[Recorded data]
__________

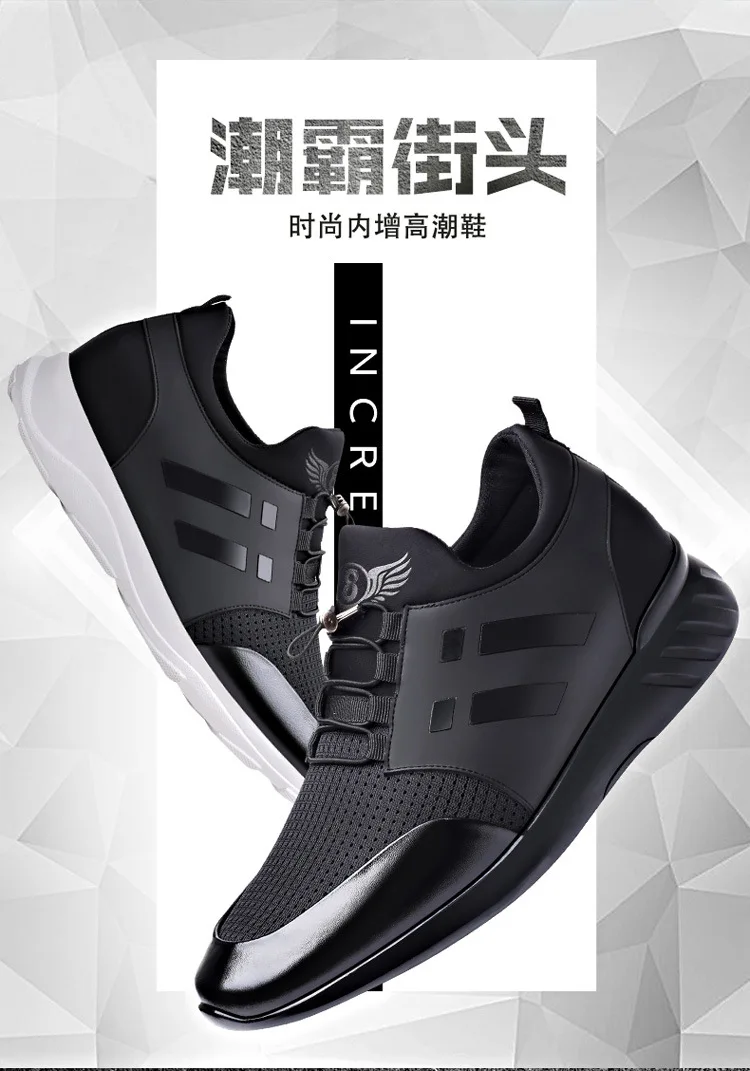 Новинка 2022 года; Сезон осень-зима; Мужская повседневная обувь; Кроссовки из лайкры и коровьей кожи; Обувь, увеличивающая рост на 6 см; Британский светильник на плоской подошве; Обувь для путешествий
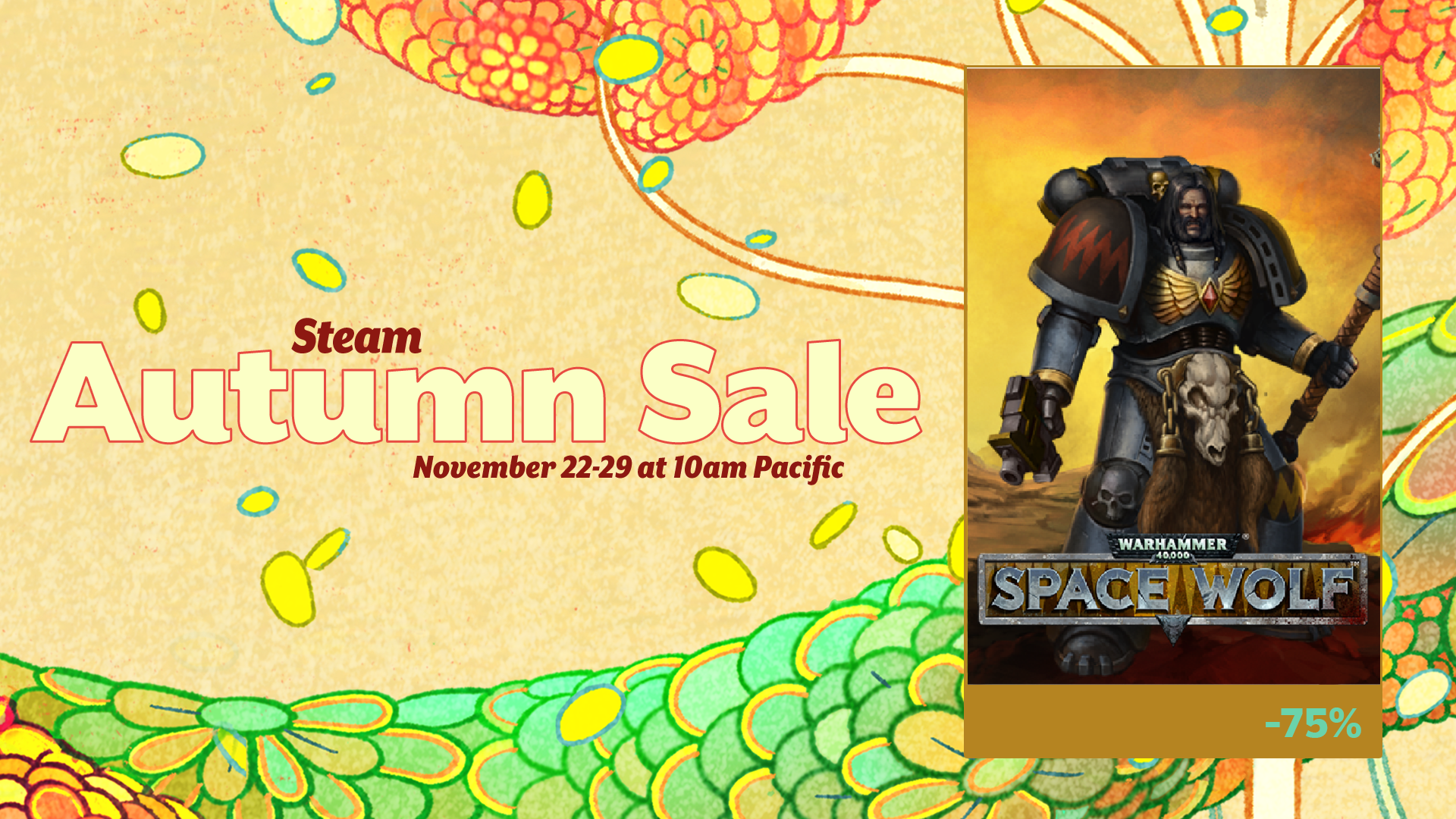 Wolves! It's a good time to reload your Bolters and polish your Power Swords. The Autumn Steam Sale will take place from November 22 to 29, and we call on you to cleanse the heretics.
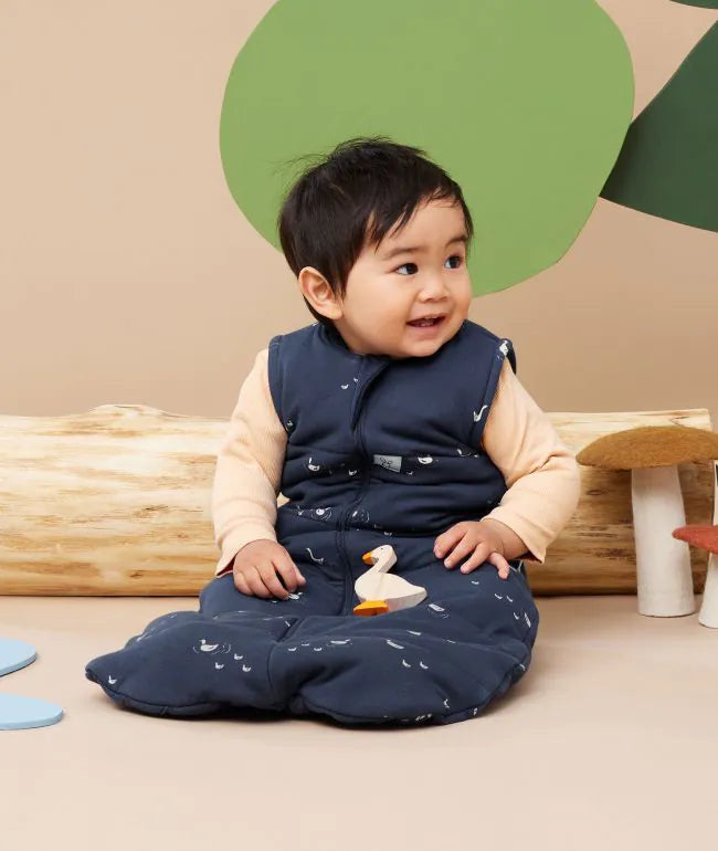 The 2.5 TOG Jersey Sleeping Bag is perfect for keeping a child warm overnight in rooms 17-23°C / 63-73°F. The TOG rating means that there is no need for additional blankets in the cot when using this product, making it a safe-sleep option. Parents can be rest assured that the breathable organic, natural fibres will help regulate their child’s temperature and prevent overheating. Parents can follow the FREE room thermometer and What to Wear guide provided with the product, to layer appropriately underneath to keep their child warm. We recommend pairing this pouch with one of our TOG-rated Layers or Bodywear underneath, and Arm Warmers can be added on top of the pouch for extra warmth (all sold separately).
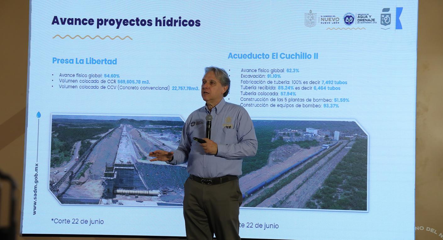A la par, la construcción e incorporación de agua de los grandes proyectos hídricos, vendrá a reforzar el abasto del estado y ayudará a tener una buena administración de las fuentes de abastecimiento. El Acueducto El Cuchillo II registra un avance físico global del 62.3%, en excavación lleva 91.10%, fabricación de tubería 100%, tubería recibida 85.24%, tubería colocada 57.94%, plantas de bombeo 51.59% y los equipos de bombeo van al 93.57%. En tanto, la Presa La Libertad tiene un avance físico global del 54.60%, se han colocado 569,605.78 m³ de concreto compactado con rodillo y 22,757.78 m³ de concreto convencional en la cortina del embalse.
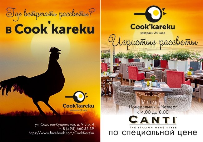 Кафе Cook`kareku приглашает встречать рассветы романтическими пузырьками: с понедельника по четверг, с 4.00 до 8.00 на все итальянские игристые вина от Canti действует специальная цена:
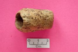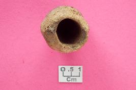 | Description / विवरण | An indeterminate handmade object, elongated in shape, hole on the top, rounded section, ill-fired. |
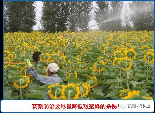 6.2 如果田間蟲害嚴重必須在開花期進行殺蟲操作,盡量不使用對蜜蜂傷害小的藥劑(菊脂類),并注意避開蜜蜂及昆蟲活動活躍時段,在陰天或下午5:00后對準葵盤正面進行噴藥,以降低對傳粉昆蟲的傷害;
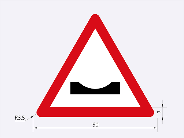 警告標誌之設計,依下列規定: 一、體形 正等邊三角形。 二、顏色 白底、紅邊、黑色圖案。但「注意號誌」標誌之圖案為紅、黃、綠、黑四色。 三、大小尺寸 標準型 邊長九○公分,邊寬七公分。 放大型 邊長一二○公分,邊寬九公分。 縮小型 邊長六○公分,邊寬五公分。 特大型 視實際情況定之。
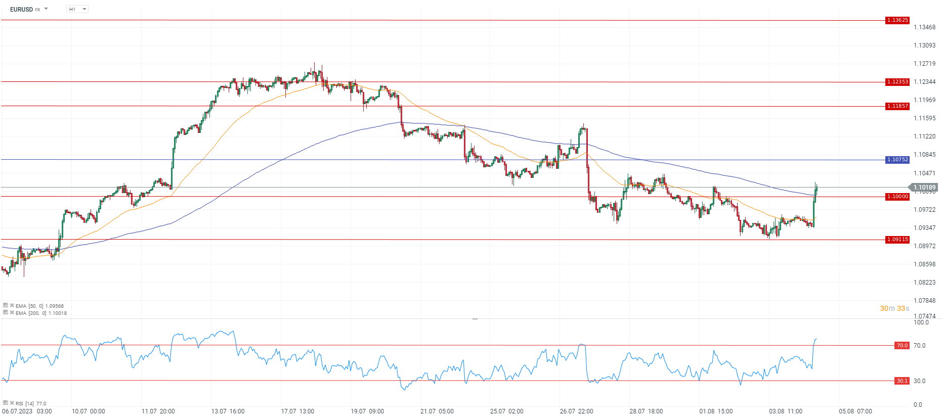 Totuși, această ultimă sesiune a săptămânii aduce o schimbare de atitudine față de EURUSD. Perechea avansează după ce raportul privind locurile de muncă din SUA a arătat un nivel puțin mai slab al salariilor din sectorul non-agricol. Rata șomajului rămâne scăzută, la 3,5% față de 3,6% luna trecută. Câștigurile medii orare au fost mai mari decât se așteptau, dar săptămâna medie de lucru a scăzut modest.
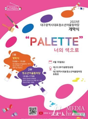 미디어아워 박미영 기자 | 대구광역시가 주최하고 대구청소년활동진흥센터가 주관하는 ‘대표 청소년어울림마당 개막식’이 4월 15일(토) 오후 3시, 2.28기념중앙공원에서 열린다.
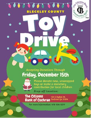 Citizens Bank of Cochran drop-off point for Toy Drive.

__________

▸ **Brief**
Set down exactly the lines from the start of the records through the line containing "Wolves! It's a", both included, and omit the pictures.

▸ **Reply**
 Новинка 2022 года; Сезон осень-зима; Мужская повседневная обувь; Кроссовки из лайкры и коровьей кожи; Обувь, увеличивающая рост на 6 см; Британский светильник на плоской подошве; Обувь для путешествий
 Wolves! It's a good time to reload your Bolters and polish your Power Swords. The Autumn Steam Sale will take place from November 22 to 29, and we call on you to cleanse the heretics.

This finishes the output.